New Delhi challenges HC ruling blocking its law

New Delhi challenges HC ruling blocking its law

Srinagar: In a move that is likely to irk the PDP, the government of India has challenged the high court’s landmark ruling that last year said the Securitisation and Reconstruction of Financial Assets and Enforcement of Security Interest (SARFAESI) Act cannot be enforced in J&K as it will undermine state’s special status.
In the judgment, listed among the 12 landmark verdicts delivered by the high court last year, the court had said that a law made by the Parliament, which affects the laws made by J&K legislature, cannot be extended to the state.
The court had said that implementation of the law in the state will adversely impact the demographic composition of the state.
Supreme Court bench of Justices Kurian Joseph and Rohinton Fali Nariman issued a notice to the J&K government after hearing government of India’s Special Leave Petition.

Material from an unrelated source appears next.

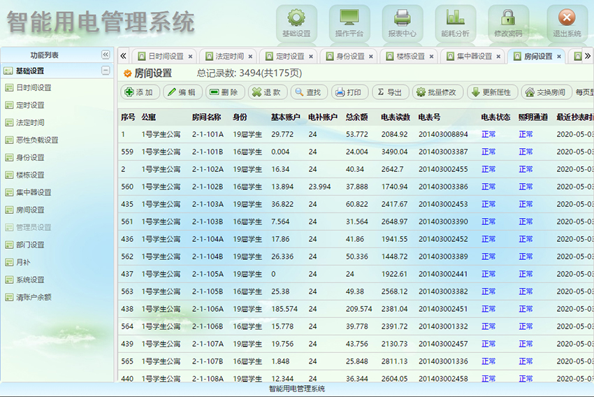 房間調換進行數據轉換:當學生調換房間后,系統計算機上能對學生宿舍的剩余電量進行數據轉換,并且支持個別、批量房間進行數據調換;

It also directed the registry to tag the SLP with a similar petition filed by the State Bank of India. The pleas are likely to come up for hearing on March 28.
The apex court passed the directions after hearing Attorney General of India Mukul Rohtagi.
The high court’s 16 July 2015 judgment followed GoI’s stand that SARFAESI Act was valid and “capable of being enforced in the State of J&K.”
In the Agenda for Alliance, PDP and BJP had agreed that controversial issues, especially those aimed at assailing the special status of J&K, will not be touched by the ruling NDA government or raised by the Sangh parivar.
In a 76-page detailed judgment, the high court had said that the Act, which was enacted by Indian parliament in 2002, modifies the State Transfer of Property Act, State Civil Procedure Code, Civil Courts Act and State Limitation Act.
“It also affects the rights of State subject/citizens recognized by the Constitution of India and Constitution of State of J&K,” the bench said, ruling that the Parliament lacks competence to make laws affecting immoveable property rights of the state subjects.
The court further noted that only J&K, by virtue of the section 5 of the Constitution of J&K, has the absolute sovereign power to legislate laws touching the rights of its State subjects/citizens regarding their immoveable properties.
“The State legislature, in terms of section 140 of Transfer of Property Act, 1882, has authorized for mortgage of property in favour of the Institutions mentioned therein. The sale of immoveable property in pursuance to a Civil Court Decree obtained by the bank/financial Institution in respect of the mortgaged property cannot be made in favour of the non-state subjects,” the judgment said.
Referring to Article 35(A) of the Constitution of India, the high court said that it clarifies constitutional relationship between people of rest of India with people of J&K. “It is in essence an information to the citizens of rest of country that on constitutional and legal plank they in all respects do not constitute a class with citizens of state of Jammu and Kashmir,” the court had said and held that the citizens of J&K have their own constitution, and their sovereign character which cannot be challenged, altered or abridged.
“The power of Parliament to make laws in respect of J&K is circumscribed and it can make laws for it only where permitted by State and not otherwise, and that too in accordance with mechanism prescribed by Article 370 of Constitution of India,” the court had said.